Il summit europeo sul lavoro, svoltosi a Parigi il 12 novembre, ha scelto l'Italia per la terza tappa di questo pellegrinaggio in cerca d’idee concrete e di “buone pratiche” per ridare slancio all’occupazione

lavoro giovani

Questa volta siamo fuori dal podio, per fortuna. L’Italia è infatti quinta nella triste classifica della disoccupazione giovanile nell’Unione europea con il 40,4% di under25 senza impiego (ultime cifre Eurostat), preceduta solo da Grecia – i cui dati non sono aggiornati né disponibili, ma comunque terrificanti -, Spagna, Croazia e Cipro. L’assenza di medaglie non nasconde il fatto che nel Belpaese le chance di lavoro per chi ha meno di 30 anni sono risicatissime, salvo qualche posto in nero, mal pagato, non tutelato. E c’è chi resta fuori da uffici e fabbriche anche ben oltre la trentina…

Sarà forse per questo, più che per le diplomatiche insistenze del premier Enrico Letta, che il summit Ue sul lavoro, svoltosi a Parigi il 12 novembre, ha scelto proprio l’Italia per la terza tappa di questo pellegrinaggio in cerca d’idee concrete e di “buone pratiche” per ridare slancio all’atrofica occupazione.
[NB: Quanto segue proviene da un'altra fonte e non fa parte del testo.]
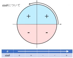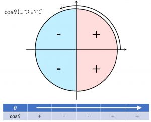 単位円と\(\theta と\cos\theta,\sin\theta\)の正負について

Così, dopo le tappe in Germania e Francia, ad aprile l’appuntamento sarà nell’Urbe.

A Parigi i capi di Stato e di governo europei sono stati ancora una volta tutti d’accordo sul fatto che «la principale cura contro la disoccupazione è la crescita economica» (Van Rompuy), che «il destino dell’Europa si decide in base alle prospettive che offriamo ai giovani» (Merkel), tenuto conto che «la disoccupazione dei giovani è il grande incubo che ci portiamo dietro da questa crisi» (Letta). Gli Stati Ue cercano da alcuni anni di mettere una toppa al problema-lavoro, perché la creazione di nuovi posti sarebbe il vero sintomo della ripresa economica e sociale. L’Unione dei 28, con i pochi poteri che ha in questo campo, ci mette del suo: si pensi ad esempio alla cosiddetta “garanzia giovani”, unita alle opportunità di istruzione all’estero, alla valorizzazione dei titoli di studio su scala continentale, a qualche investimento produttivo nei cantieri transfrontalieri. Eppure, i risultati ancora non si vedono e spesso alle promesse dei governanti – di qualunque Paese e colore politico – non seguono i fatti necessari.
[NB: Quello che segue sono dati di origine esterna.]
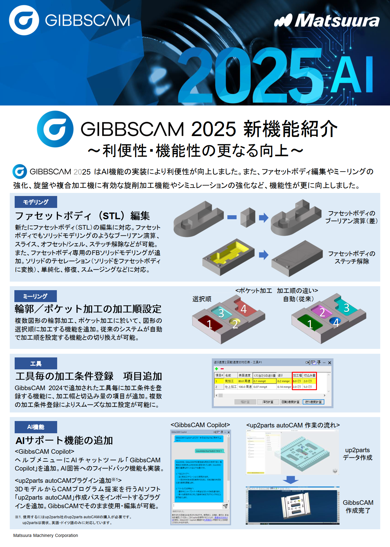 GibbsCAM 2025の新機能につきましては、弊社ホームページの「2025新機能紹介」ページまたは「GibbsCAM 2025リーフレット」をご確認いただきますようお願い申し上げます。

È evidente che per contrastare la disoccupazione è necessario che si rimetta in moto l’economia, e in questo senso le prospettive non sono proprio rosee nel breve periodo. Altrettanto vero è che con un po’ più di coraggio, con qualche iniziativa a sostegno delle imprese (investimenti, sgravi fiscali, minor burocrazia, formazione…) e una maggiore mobilità territoriale, qualche passo avanti sarebbe davvero possibile.

Il vertice primaverile di Roma (a poche settimane dal voto europeo del maggio 2014) potrebbe, se ben preparato, rappresentare un giro di boa, così da fare di Roma non solo la capitale d’Italia e della Cristianità, ma anche del “lavoro ritrovato”. L’opportunità non manca, dunque su le maniche.